Daily Headlines – November 27, 2012
|Written by Jake Johnston|
|Tuesday, 27 November 2012 12:45|
Yesterday Argentina appealed a ruling by a New York court that could force Argentina to pay holdout bondholders known as vulture funds, reports the Associated Press. Judge Thomas Griesa ruled last week that Argentina must put $1.3 billion into an escrow account by December 15. If Argentina refuses to do so, the court ruling would force Bank of New York Mellon, which distributes payments to those bondholders who did accept a restructuring following the 2001 default, to stop those payments. The ruling is based on the parri passu clause, which the court interpreted as requiring equal treatment to both the bondholders who accepted a restructuring and those that held out. If, as President Kirchner has indicated, Argentina refuses to pay the vulture funds and the appeal is unsuccessful, it could lead Argentina into a technical default. Siding with Argentina in the court case is the US Federal Reserve, commercial banks and holders of restructured bonds. Also, as the AP points out, even critics of Kirchner in Argentina have criticized the judge’s ruling in recent days, as it threatens the successful economic growth that resulted after the default in 2001. For more on the case, click here and here.
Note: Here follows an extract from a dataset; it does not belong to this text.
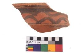 | Description / विवरण | Specimen of potsherd black on red painted pottery. It is fine fabric in sharp contrast with painted design are executed in black pigment. |

Meanwhile, writing in The Guardian, Cambridge economics professor Ha-Joon Chang highlights the need for a sovereign bankruptcy law, similar to what countries offer debt-laden companies. Once a company declares bankruptcy, “the debtor company and its creditors are forced to work together to reorganise the company's affairs, under clear rules.” Unfortunately, as Chang notes, “no mechanism like this exists for countries, which is what has made sovereign debt crises so difficult to manage.” Chang uses the examples of Greece and Argentina, arguing that the effects of their debt problems go far beyond their borders, noting that “In the Argentinian case, we are risking not just an end to Argentina's recovery but a fresh round of turmoil in the global financial market because of one questionable US court ruling.”
A new report from the Economic Commission on Latin America and the Caribbean reports on the reduction of poverty in the region over the last few decades, reports the AP. Overall, despite recording the lowest poverty level in three decades, some 167 million people still remain mired in poverty in the region. This is one million fewer than in 2010 and represents some 29 percent of the population. The report, “Social Panorama of Latin America 2012”, released today, also reports on trends in inequality. The report notes that “on average, the richest 10% of the Latin American population receives 32% of total income, while the poorest 40% receive just 15% of income.” Since 2002, the countries that have shown the largest decrease in inequality are Argentina, Bolivia, Nicaragua and Venezuela. In all of these countries the Gini coefficient fell at an annual rate of more than two percent. To read the entire report, which “examines paid employment in care activities, as well as household spending on care services, and proposes a series of policy recommendations,” click here. For more on the reduction of inequality in Latin America, see here and here.
Mexican president-elect Enrique Peña Nieto is in Washington today to meet with President Obama, reports CNN. In an op-ed printed by the Washington Post last week, Peña Nieto lays out his agenda for the meeting with Obama, noting that “It is a mistake to limit our bilateral relationship to drugs and security concerns. Our mutual interests are too vast and complex to be restricted in this short-sighted way.” As CNN notes, Peña Nieto will focus on economic issues as well as security in his visit. Meanwhile, writing in Huffington Post, John Ackerman a professor at UNAM-Mexico City writes that Obama is losing credibility by cozying up to Peña Nieto. Ackerman notes that the recent election in Mexico was “a far cry from normal democratic politics” and warns that Peña Nieto represents a return to the old guard, which “represents the worst of Mexico's authoritarian past.” Ackerman concludes that by cozying up to Mexico’s new president “Obama sends a clear message that his Latin America policy will be equally as shortsighted in his second term as it was during his first.”